Patil and Das [35] described a selective colorimetric and fluorometric chemosensor based on a rhodamine appended vinyl ether (RDV) probe for Hg(II) recognition. Paper strips were employed by immersing filter paper into a RDV solution. Although an LOD of 136 nM was obtained using a solution assay, the paper strip was useful for Hg detection at the ppm level (above ca. 10 ppm).
The immobilization of an infrared fluorescence protein (IFP) and its chromophore biliverdin (BV) has been applied by Gu et al. [44] for Hg(II) detection. An LOD of less than 50 nM was achieved. The IFP/BV sensor can serve as a tool for the detection of Hg in living organisms or tissues. A protein-hydrogel-based paper assay was also used for the immobilization of IFP onto paper strips for detection of Hg(II). Enrichment by multiple addition/drying steps onto the paper strip allows detection at the 20 nM level.
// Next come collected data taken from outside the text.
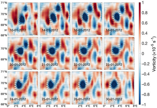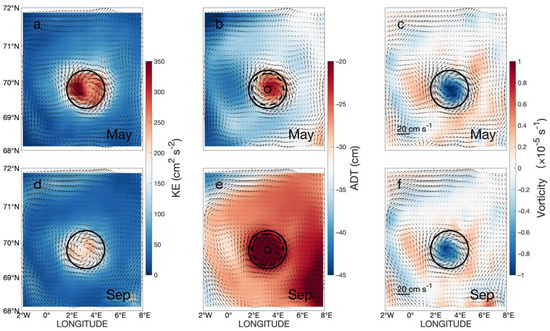 Figure 1b–d). The LV is an anticyclonic eddy located at approximately 70° N and 4° E in a region of the sea with a depression in terms of its topography. Its average radius is around 37 km, and it has an average tangential velocity of approximately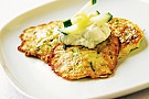 Stek plättar av smeten. Ät plättarna med färdig tzatziki.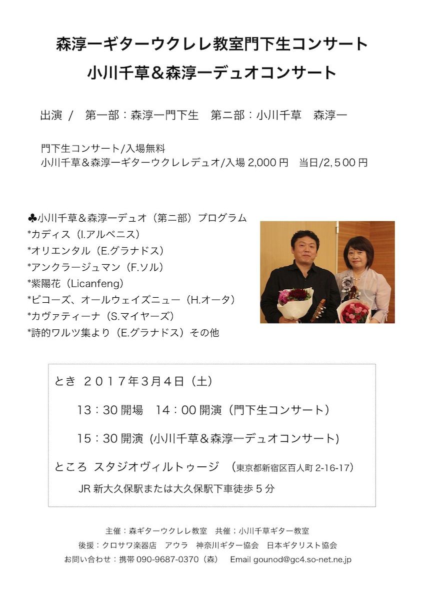 森淳一ギターウクレレ教室の門下生コンサートが無事に終わりました‼︎ 全員が良い演奏でした‼︎ ウクレレ弾き語り、ウクレレデュオ、ギターソロ、ギターデュオなどの内容でした 次回が楽しみです‼︎ お疲れ様でした ![]() ![]()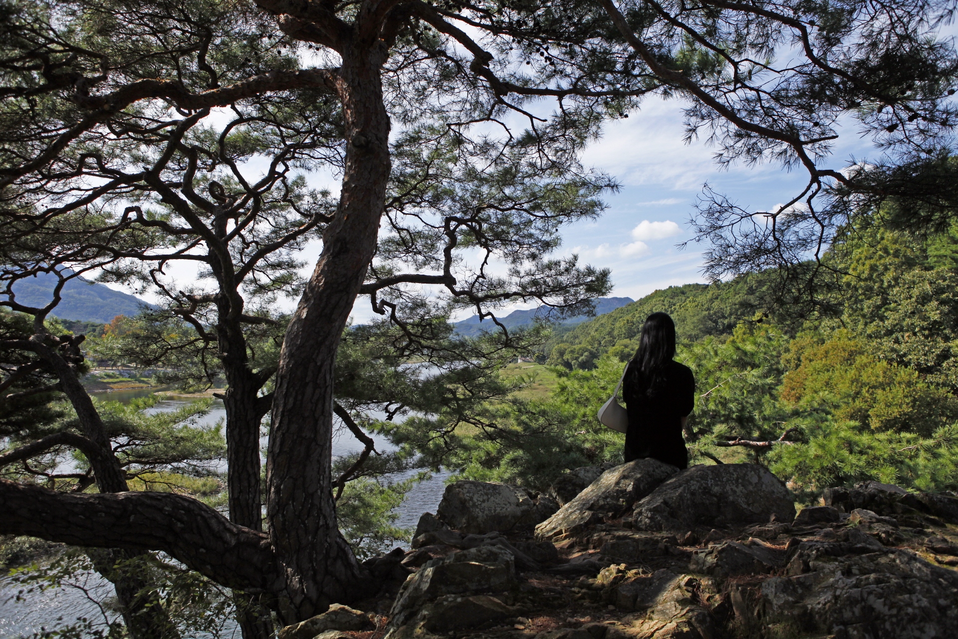 금강둘레길 양산 제2경인 강선대에 홀로 앉아 금강을 내려다 보고 있는 여인의 뒷모습이 아름답습니다.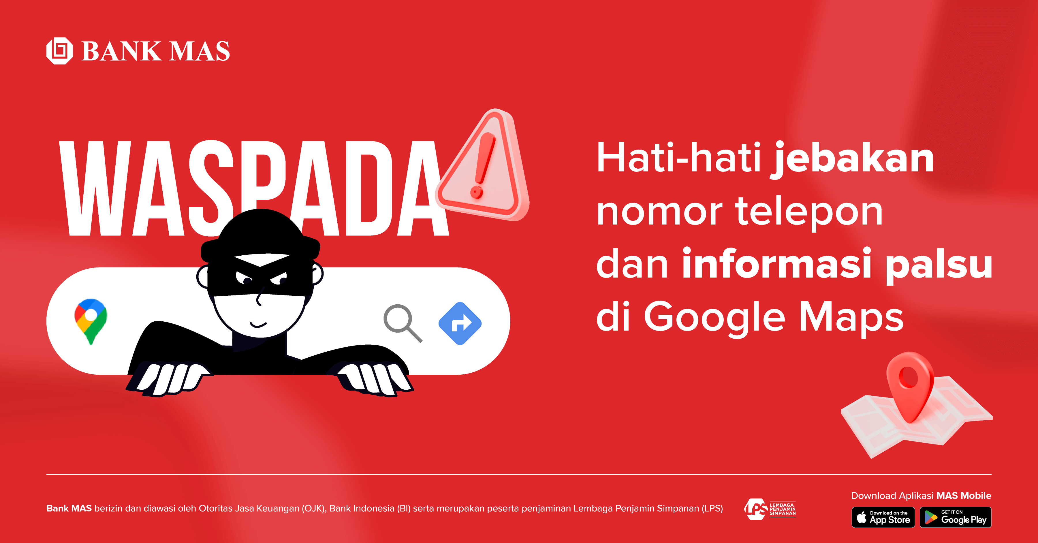 Oleh karena itu, Bank MAS terus berupaya untuk mengedukasi nasabah dan masyarakat secara umum untuk senantiasa berhati-hati dan teliti saat menghubungi saluran komunikasi resmi Bank MAS dalam menikmati berbagai layanan perbankan yang disediakan.
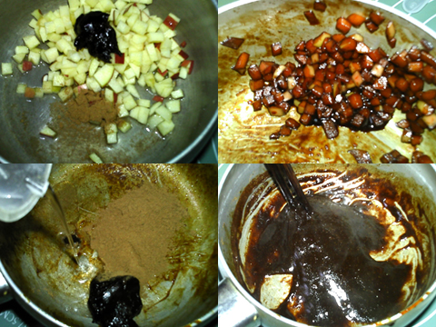 蘋果果粒:蘋果1/4個(gè),紅糖1/2大勺,肉桂粉1/4小勺,水15毫升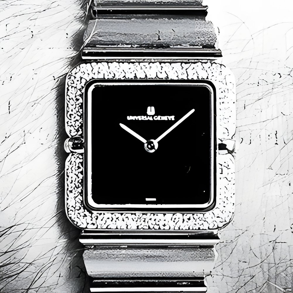 From Universal-Genèves new jewellery watch collection, a prestigious masculine model : 10K yellow gold, case set with 105 diamonds, two-colour bracelet in white Lnd yellow gold with broad rounded linkse Onyx dial. (UNIVERSAL-Genève)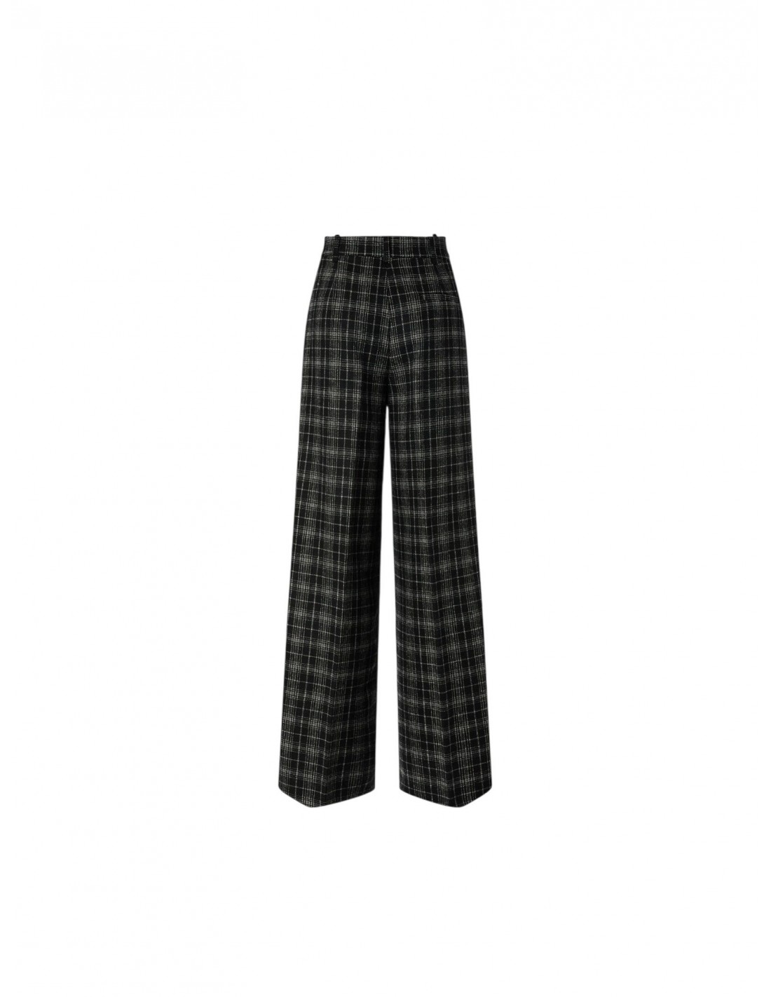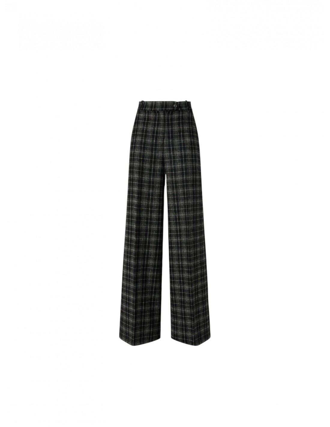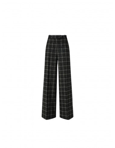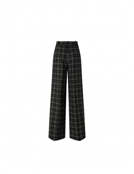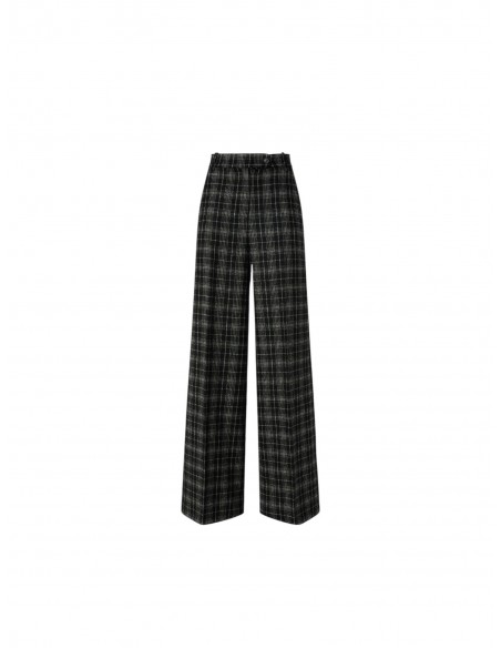 Pantaloni lunghi d'ispirazione sartoriale realizzati in misto lana tinto in filo con motivo a quadri all over. Il capo, caratterizzato da una silhouette ampia a palazzo e dalla piega stirata centrale lungo la gamba, è completato dalla chiusura frontale con zip e bottone decentrato. Indossa questo modello con la giacca coordinata per creare un total look ideale per le occasioni formali, oppure abbinalo a capi più casual per un outfit quotidiano che non rinuncia allo stile.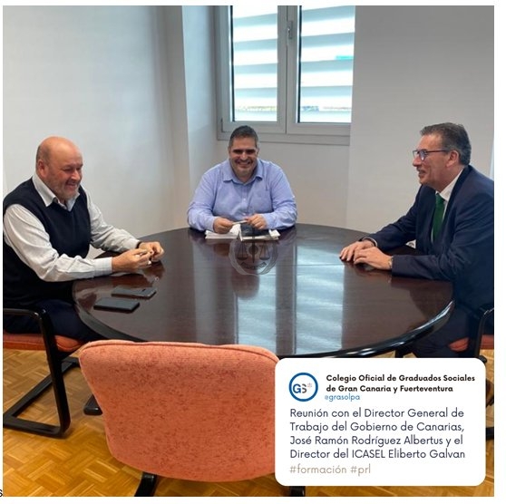 Nueva reunión de trabajo celebrada con el director general de Trabajo del Gobierno de Canarias, José Ramón Rodríguez Albertus y el director del Instituto Canario de Seguridad Laboral, Eliberto Galván. Durante la reunión se abordaron varios asuntos que afectan al colectivo que representa el Colegio, así como las posibles vías de colaboración entre ambas entidades.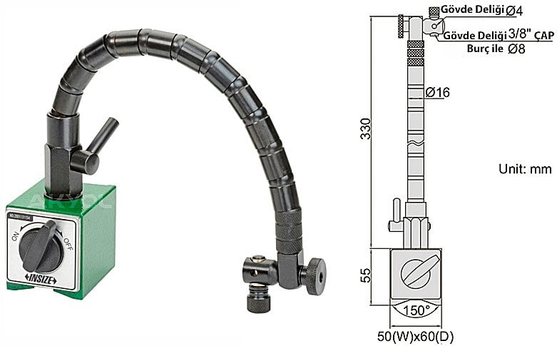 Insize 6207-80A Bükülebilir Kollu Manyetik Stand, hassas ölçüm işlemlerinde yüksek stabilite ve esnek kullanım sunmak için tasarlanmıştır.
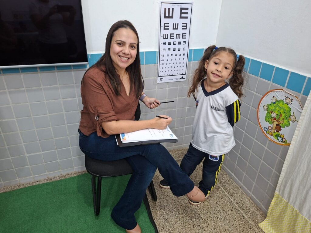 SAÚDE NA ESCOLA: Educação Inclusiva realiza teste de acuidade visual em escola de Educação Infantil. Em parceria com a Secretaria da Saúde, a ação tem o objetivo de investigar e encaminhar à avaliação oftalmológica alunos da rede.

When the light of appropriate frequency interacts with some metal nanoparticles (e.g., Au, Ag, Cu), a collective oscillation of electrons at their conduction bands occurs, which is the basis for the surface plasmon resonance (SPR) phenomenon [45]. When the dimensions of metal nanoparticles are lesser than the radiation wavelength, the phenomenon is known as ‘localized surface plasmon resonance’ (LSPR). Absorption of radiation takes place when light has the same frequency as oscillations. The localized surface plasmon resonance (LSPR) absorption bands are characteristics of the metal involved in the colloidal solution, i.e., it depends on size, shape, interparticle distance, composition of the nanoparticles and refractive index of the surrounding medium. Thus, the colors displayed by colloidal solutions of AuNPs, AgNPs and CuNPs are pink, yellow and red, respectively. More interestingly, these NPs possess much higher molar extinction coefficients as compared to chromogenic agents. The molar extinction coefficients corresponding to the LSPR absorption bands of AuNPs and AgNPs are 10 8 and 10 10 M −1 cm −1 , respectively. Typically, the wavelength of the LSPR band is largely affected by the size and chemical environment surrounding the nanoparticles, such as the presence of capping agents, formation of amalgams, species adsorbed, etc. Noble metal nanoparticles have been widely applied for the detection of metal ions [46].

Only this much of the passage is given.